СВ: Но ведь ваш любимый итальянский город Венеция, а не Рим?

ИБ: Безусловно.

СВ: Лидия Чуковская вспоминает об одном разговоре с Ахматовой. Дело было в девятьсот пятьдесят пятом, и Анна Андреевна сказала: «Мы отвыкли от голубей, а в Царском они были повсюду. И в Венеции». И Чуковская добавляет, что Царское с голубями она еще могла вообразить, но Венецию — никак. Лидия Корнеевна подумала тогда: а существует ли на самом деле эта Венеция?
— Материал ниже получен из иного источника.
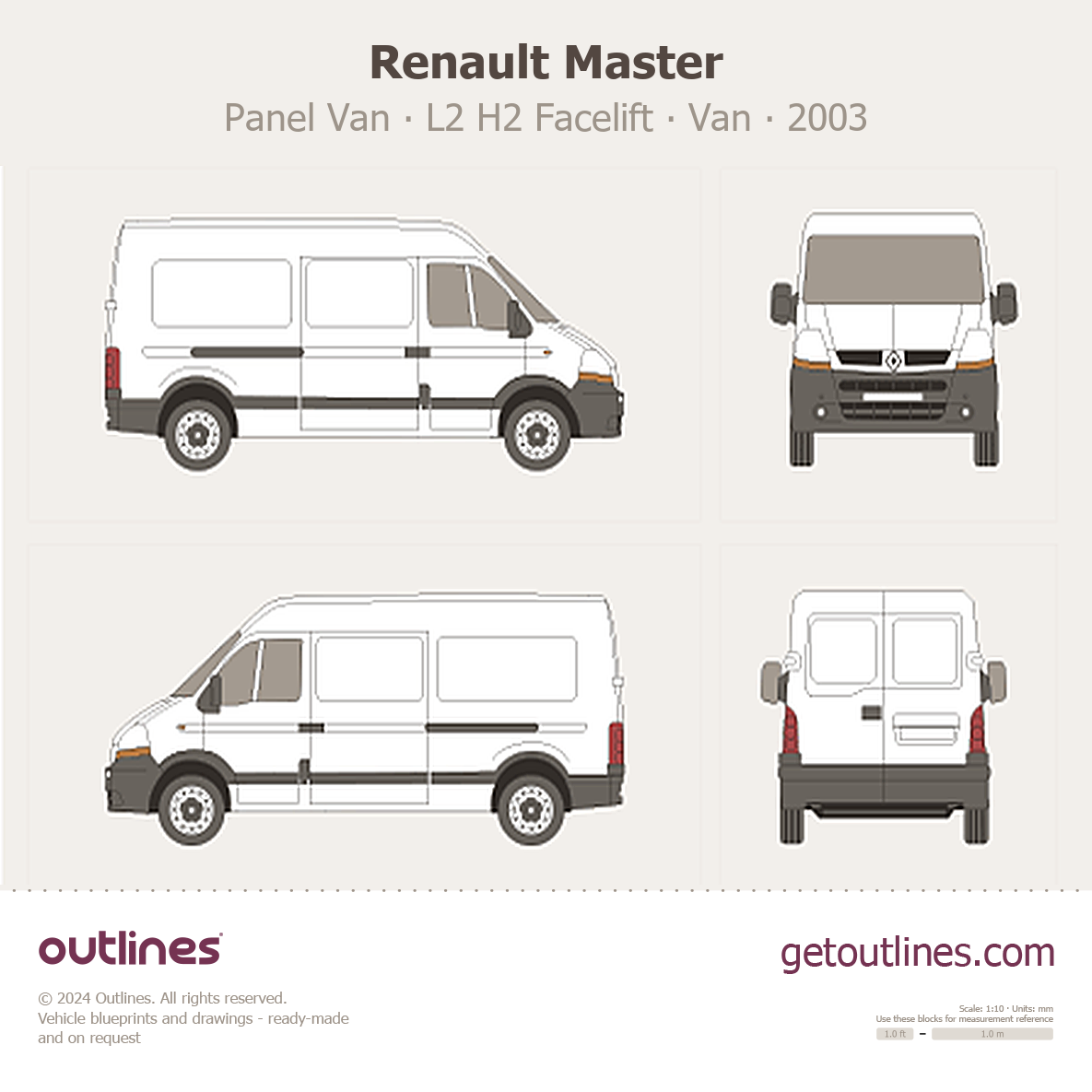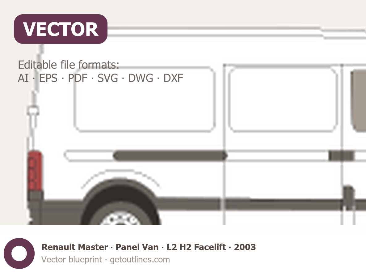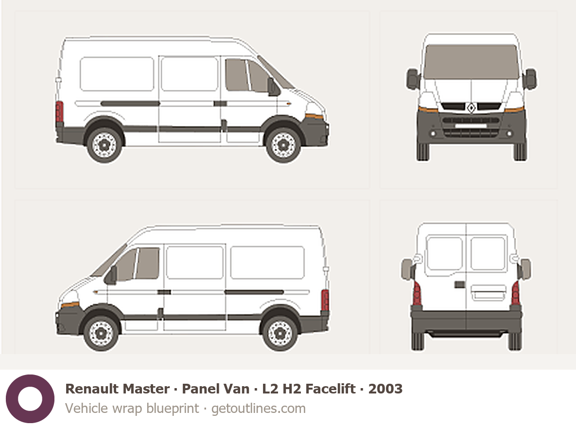 This 2003 Renault Master Panel Van L2 H2 Facelift Van blueprint helps designers, wrap studios, and 3D artists simplify their workflow and save valuable time for creative work instead of routine tasks.
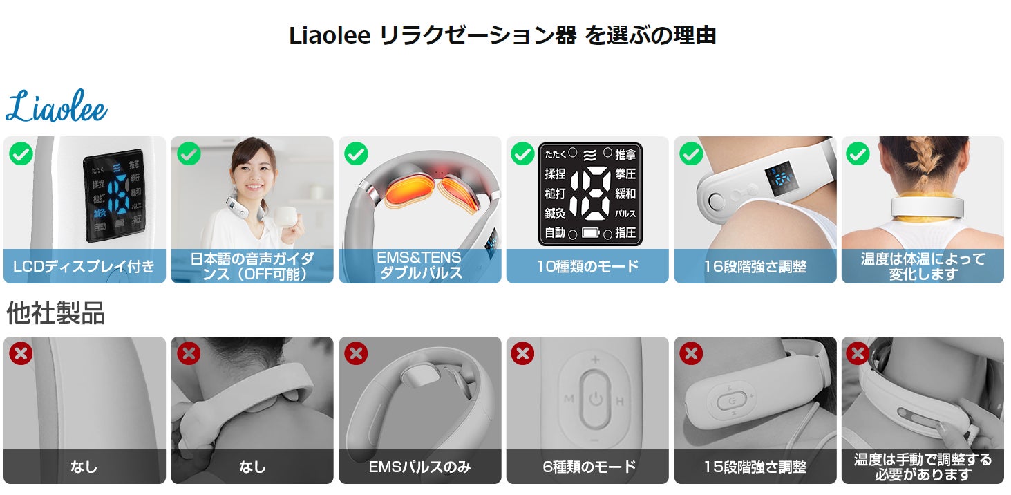 Liaolee 2024新傑作 EMS&TENS 振動 温熱 ネックリラックス
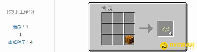 2,接着在工作台里面放上一个南瓜,然后就可以成功合成四个南瓜种子了。

ИБ: Это старая русская мысль.

СВ: Сколько раз вы были в Венеции?

ИБ: Не знаю, не упомню. В первый раз я приехал туда на Рождество семьдесят третьего года. Дело в том, что попасть в Венецию было моей идеей фикс. Когда мне было лет двадцать, а может быть, немного больше, я прочел несколько романов Анри де Ренье. Это замечательный писатель, о котором никто ни сном ни духом не ведает — даже во Франции. Может быть, специалисты, но ни в коем случае не читатель. Полагаю, что по-русски он оказался тем более замечательным, что его переводил Михаил Кузмин. Меня-то как раз скорее привлекло имя переводчика, чем писателя. И так получилось, что из четырех романов де Ренье, которые я прочел, в двух — местом действия была Венеция зимой. Относительно де Ренье я хочу сказать еще вот что. Это уже чисто личные дела, но думаю, что если я научился у кого-нибудь конструкции стихотворения, то это был именно де Ренье. Хотя он и прозаик. По части конструкции главные учителя для меня — это де Ренье и Бах. До известной степени Моцарт. И если назвать последних двух — хвастовство, то с первым это не так. Потому что он менее известен.

СВ: Может быть, вы должны числить среди своих учителей также и Кузмина, потому что русский де Ренье — это в значительной степени Кузмин.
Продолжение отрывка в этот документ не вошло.